# 배우러 가서 가장



## soni99min

*What does 태권도를 배우러 가서 가장 먼저 배운 것이 인사입니다 mean?*


 ... 먼저 배운 것이 인사입니다:The first thing I learned in taekwondo class was greeting
 but 배우러 가서 가장 is confusing me


----------



## nash000

가장 goes with 먼저 so they are grouped together '가장 먼저', meaning 'the very first'.

The literal translation of 'The first thing I learned in taekwondo class was greeting' in korean would be '태권도 수업에서 제일 처음 배운것은 인사였습니다' where '태권도 수업에서' being 'in taekwondo class'. 

But it your sentence, it has a slightly different way of saying the same thing. 
'태권도를 배우러 가서' instead of '태권도 수업에서'.

배우러 가서 seems to hold two meanings simultaneously; 1. at a place 2. as a result 

1. The equivalent of "at" in korean is "-에서" which you can see in "배우러 가서". 
(ex. 'I read a book at a library" = "나는 도서관에서 책을 읽었다")

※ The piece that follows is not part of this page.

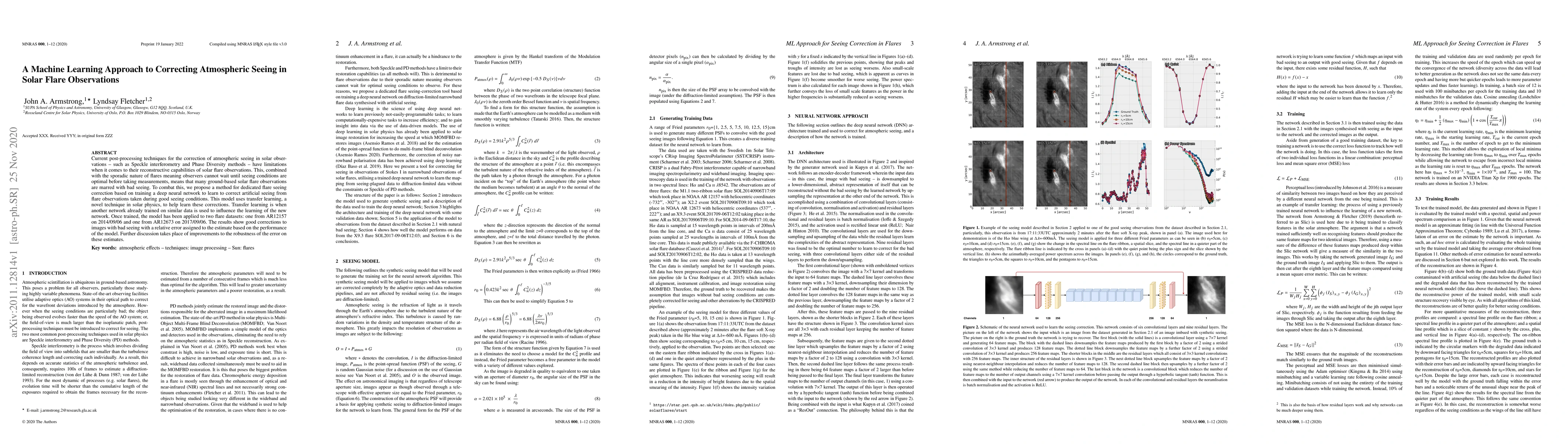 Current post-processing techniques for the correction of atmospheric seeing in solar observations -- such as Speckle interferometry and Phase Diversity methods -- have limitations when it comes to their reconstructive capabilities of solar flare observations. This, combined with the sporadic nature of flares meaning observers cannot wait until seeing conditions are optimal before taking measurements, means that many ground-based solar flare observations are marred with bad seeing. To combat this, we propose a method for dedicated flare seeing correction based on training a deep neural network to learn to correct artificial seeing from flare observations taken during good seeing conditions. This model uses transfer learning, a novel technique in solar physics, to help learn these corrections. Transfer learning is when another network already trained on similar data is used to influence the learning of the new network. Once trained, the model has been applied to two flare datasets: one from AR12157 on 2014/09/06 and one from AR12673 on 2017/09/06. The results show good corrections to images with bad seeing with a relative error assigned to the estimate based on the performance of the model. Further discussion takes place of improvements to the robustness of the error on these estimates.

2. But also that same "-서" could mean 'as a result'. 
(ex. 'I had a stomachache because I ate too much' = '너무 많이 먹어서 배가 아팠다')

Since both use the same letter "-서", when you say 태권도를 배우러 가서, it sounds both ways at the same time, which probably makes sense because in this example someone actually went to the place and as a result of that learnt how to greet in taekwondo.

But in all simplicity, koreans just say '-하러 가서' meaning 'went somewhere to do smth'. 

Just my 2 cents. Someone else could have a different opinion.


----------



## soni99min

nash000 said:


> 가장 goes with 먼저 so they are grouped together '가장 먼저', meaning 'the very first'.
> 
> The literal translation of 'The first thing I learned in taekwondo class was greeting' in korean would be '태권도 수업에서 제일 처음 배운것은 인사였습니다' where '태권도 수업에서' being 'in taekwondo class'.
> 
> But it your sentence, it has a slightly different way of saying the same thing.
> '태권도를 배우러 가서' instead of '태권도 수업에서'.
> 
> 배우러 가서 seems to hold two meanings simultaneously; 1. at a place 2. as a result
> 
> 1. The equivalent of "at" in korean is "-에서" which you can see in "배우러 가서".
> (ex. 'I read a book at a library" = "나는 도서관에서 책을 읽었다")
> 
> 2. But also that same "-서" could mean 'as a result'.
> (ex. 'I had a stomachache because I ate too much' = '너무 많이 먹어서 배가 아팠다')
> 
> Since both use the same letter "-서", when you say 태권도를 배우러 가서, it sounds both ways at the same time, which probably makes sense because in this example someone actually went to the place and as a result of that learnt how to greet in taekwondo.
> 
> But in all simplicity, koreans just say '-하러 가서' meaning 'went somewhere to do smth'.
> 
> Just my 2 cents. Someone else could have a different opinion.


thank* you* it was so cleaar


----------